DATA RECORDS -
*** Block opens ***

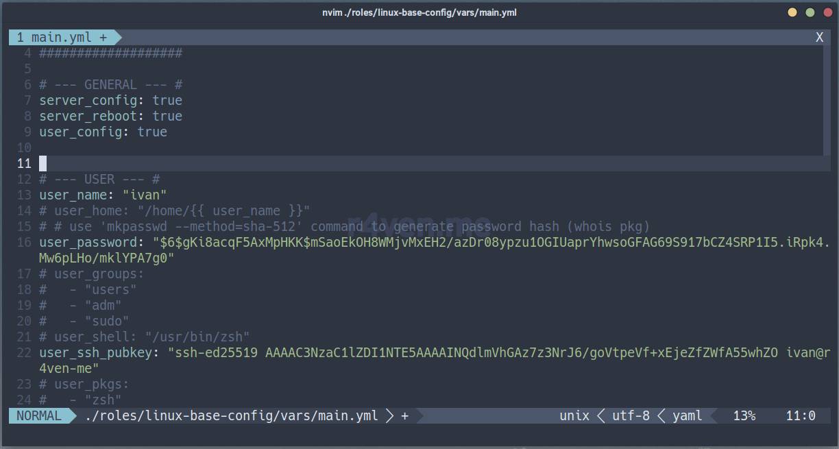 nvim ./roles/linux-base-config/vars/main.ymlВы можете раскоментировать и изменить любые значения, я укажи лишь обязательные.
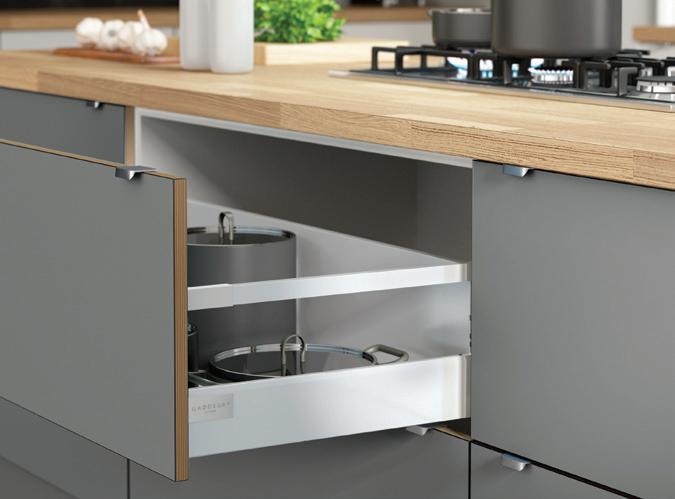 Storage should be about maximising the space available – and the blind corner optimiser does just that. No more dead space in corner units, this cleverlydesigned solution allows you to smoothly slide out one side followed by the second to give easy access to everything stored in there.
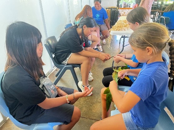 四、學生與夏威夷學生交流傳統植物編織技術,並製成紀念品有祈福的寓意。
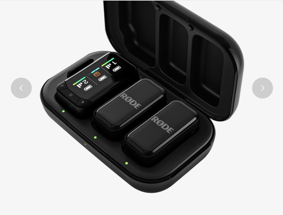 It’s a new version of the original Rode Wireless Micro and includes two small microphone transmitters, a newly designed camera receiver, a smartphone receiver, and a charging case along with accessories such as cables and wind muffs, etc.
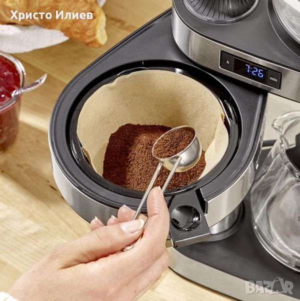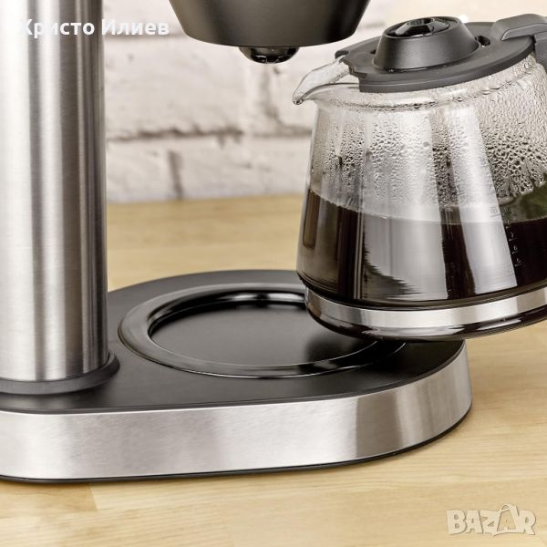 Работи без проблеми. Няма никакви забележки . Има приложени реални снимки. Точно като ръчно приготвено кафе благодарение на иновативния процес на приготвяне, плътно, ароматно и мощно.Идеална температура на приготвяне благодарение на иновативната технология Thermotronic (92 - 96°C) за перфектно и горещо удоволствие от кафето.LED дисплей с функция таймер за активиране на процеса на варене, допълнителна функция за отстраняване на накип.Индивидуално удоволствие от кафето благодарение на два избираеми профила на приготвяне: 1. За меко, балансирано удоволствие от кафе 2. За наслада от силно, плътно кафе според стандартите на ECBC.Фин аромат, интензивен цвят, омайващ аромат - С филтърната кафеварка Caprice KA 5760 със стъклена кана от SEVERIN можете да приготвите няколко чаши вкусно кафе за цялото семейство с натискането на един бутон.Благодарение на иновативния процес на приготвяне можете да се насладите на кафето като нежно приготвено на ръка. Красивото нещо: Благодарение на прозрачния стъклен съд за вода, имате един поглед върху процеса на варене. Със своя елегантен дизайн от неръждаема стомана с черни пластмасови елементи, кафе машината е и удоволствие за очите.2 профила за приготвяне на кафе по ваш вкусНезависимо дали е меко и балансирано или силно и плътно според стандарта ECBC, с Caprice можете да приготвите кафе по ваш вкус.ECBC означава критериите за качество оптимално време и температура на варене, равномерно извличане на аромата и идеален баланс на количество вода и кафе на прах.Стилен и практиченПълненето на кафето на прах е много удобно: Отделението на филтъра за кафе може лесно да се отвори и напълни отпред.Въртящият се филтър има и практична капачка за оттичане.Температура в точкатаИнтегрираната технология Thermotronic осигурява идеалната температура на варене от 92-96 °C и пълен аромат на кафе.Прозрачният стъклен резервоар за вода е оборудван с везна за 8 големи или 12 малки чаши. Така че гарантирано ще напълните подходящото количество вода за процеса на варене.Кафе в желано от вас времеИскате да станете сутрин и кафето да е вече свежо и уханно? Няма проблем за Caprice. Благодарение на LED дисплея с интегрирана функция за таймер, можете да настроите предварително началото на процеса на варене според вашите желания.Запазва кафето ви горещо за дълго времеНасладете се на уютна закуска и кафе: Интегрираната функция за затопляне поддържа вашето филтърно кафе горещо и вкусно до 35 минути.Лесен за почистванеЗа да можете да се насладите на кафето си дори след петата кана с пълен аромат, Caprice е оборудван с функция за отстраняване на котлен камък.Стъклената кана може лесно да се почиства в съдомиялна машина.

*** Block closes ***

TRY IT - Nothing but the lines from the one with "四、學生與夏威夷學生交流傳統植物編織技術,並製成紀念品有祈福的寓意。" up to and including the one with "It’s a new version" should be printed, exactly as they read above. Please keep the pictures out.

FINISHED EXERCISE -
 四、學生與夏威夷學生交流傳統植物編織技術,並製成紀念品有祈福的寓意。
 It’s a new version of the original Rode Wireless Micro and includes two small microphone transmitters, a newly designed camera receiver, a smartphone receiver, and a charging case along with accessories such as cables and wind muffs, etc.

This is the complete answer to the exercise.